Thanks for all the replies and details! I only have one of Larry's books, mine (G&T if I recall correctly) has just a supplemental glossary.

I was stuck on the idea of a gate having a person serving as a post, now I understand the definition has gone to a shared/equal move. Gate it is.

I don't have any examples at hand, but such a change in meaning/practice (around a person - > around a pair's center) could impact the feeling of prior choreography. I think I read something recently where an argument was being made that modern folks approaching traditional material with current move interpretation may be causing them to not flow as well as they did with contemporary interpretation, negatively coloring dancer reception of the material.

-Don

On Mon, Oct 8, 2018, 1:20 AM Don Veino <sharedweight_net@veino.com> wrote:
You may have seen my "Feeling Gravity's Pull" which I posted at the end of the recent Mad Robin teaching thread.

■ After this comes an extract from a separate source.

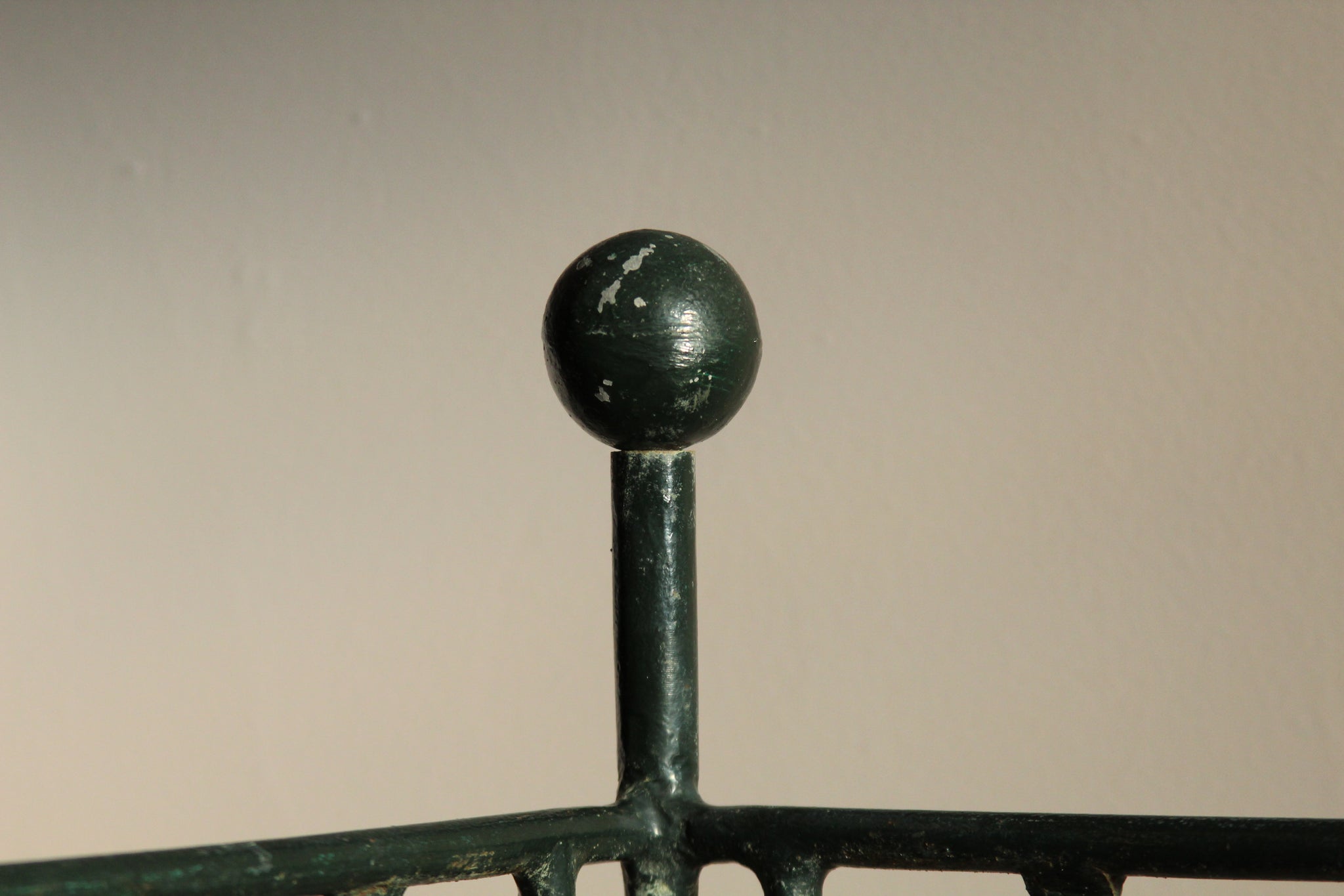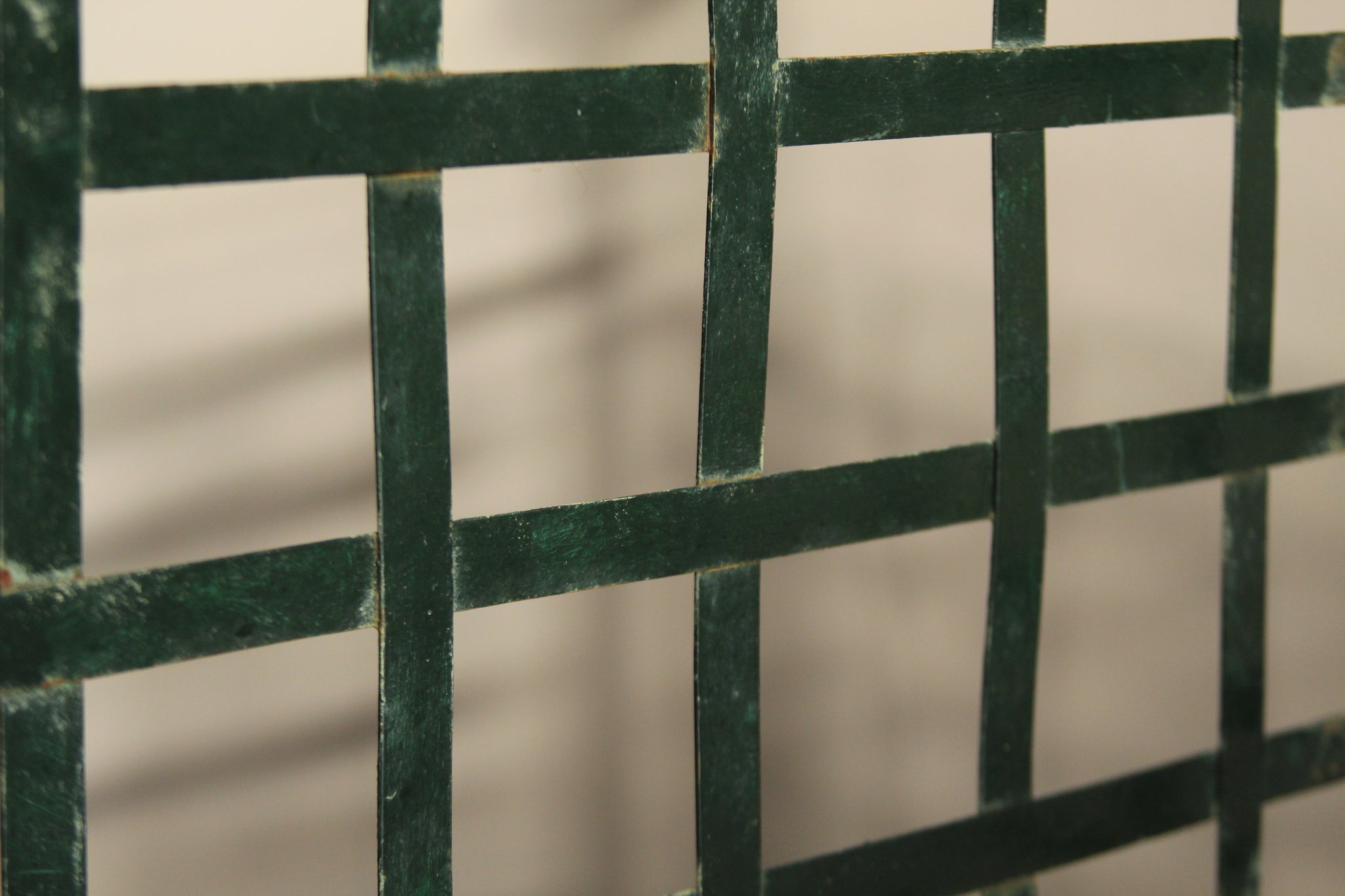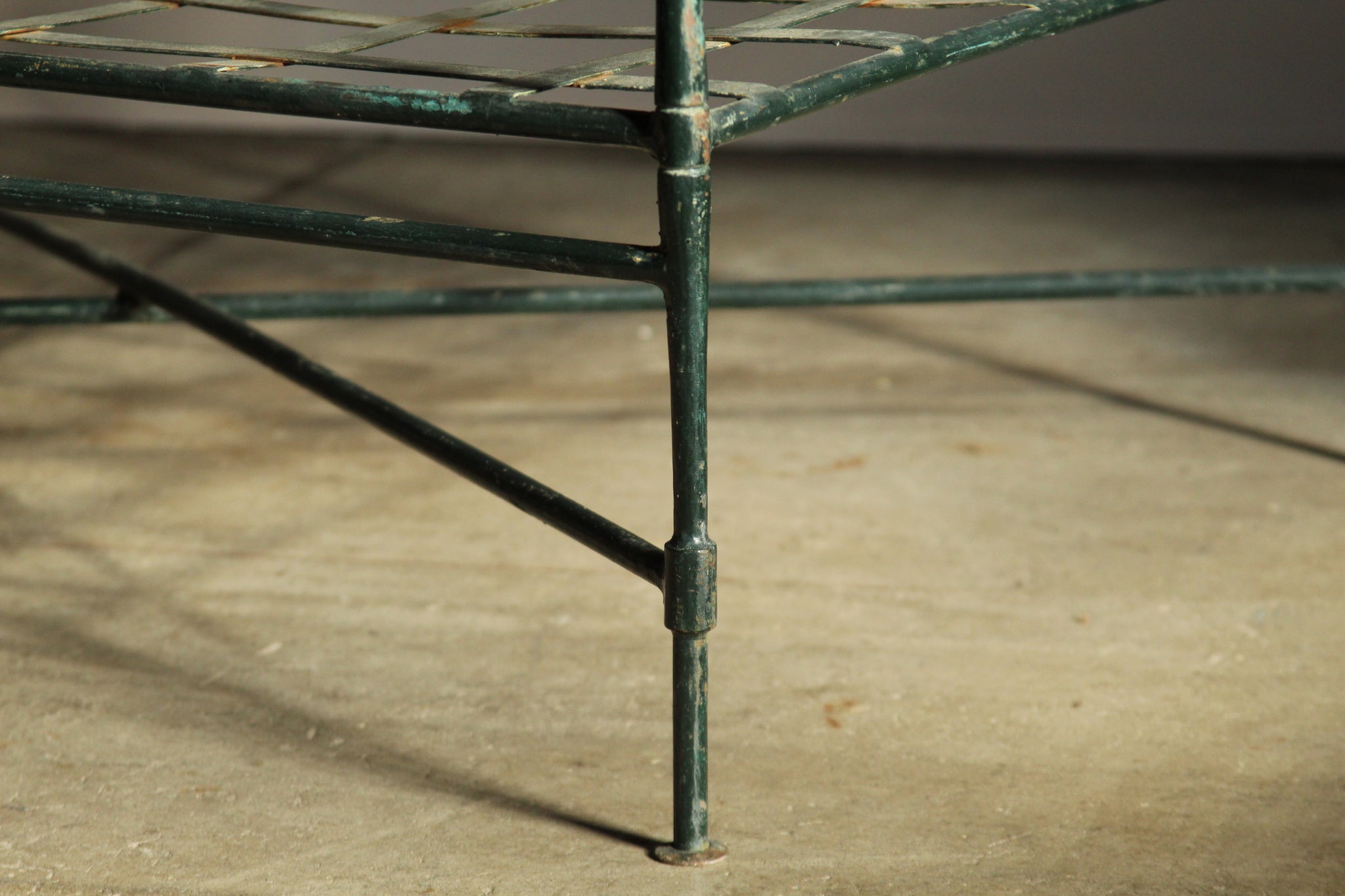 A beautiful outdoor "Amalfi" sofa designed by Mario Papperzini and manufactured by John Salterini in the 1960s. The sofa features wrought iron construction with hand tooled details, hand hammered ball finials, and woven lattice siding, seat and back. The construction is top tier, which is why these pieces are considered among the finest in outdoor and garden seating. The sofa retains the original forest green paint which makes this piece all the more special. The paint shows lots of imperfections, scratches, soft oxidation and patina, but that's what you want on one of these pieces, and it provides an absolutely striking, one-of-a-kind appeal. This design will never go out of style, and is ready for another 60 years of life.

In that dance, there's a move where partners are facing in side by side on the outside of the set (where the Gents have forward momentum and the Ladies neutral to backward momentum) and my intent was for them to rotate around their inside hand connection with the Gents going forward and Ladies backing up once around. (As opposed to the Gent walks a circle around the Lady.) So the net effect would be like a courtesy turn, in going around a central point between the dancers, just a little "wider."

I believe the correct term for this would be "Hand Cast" but I had a dancer who was adamant about it being a "Gate" in ECD so when I posted the dance that's the term I used. I've again done some googling and found no ready reference to a "Hand Cast" in ECD and only the slightest in a contra context, yet the term sticks in my mind.

What say ye? Is "Hand Cast" a thing and correct in this context?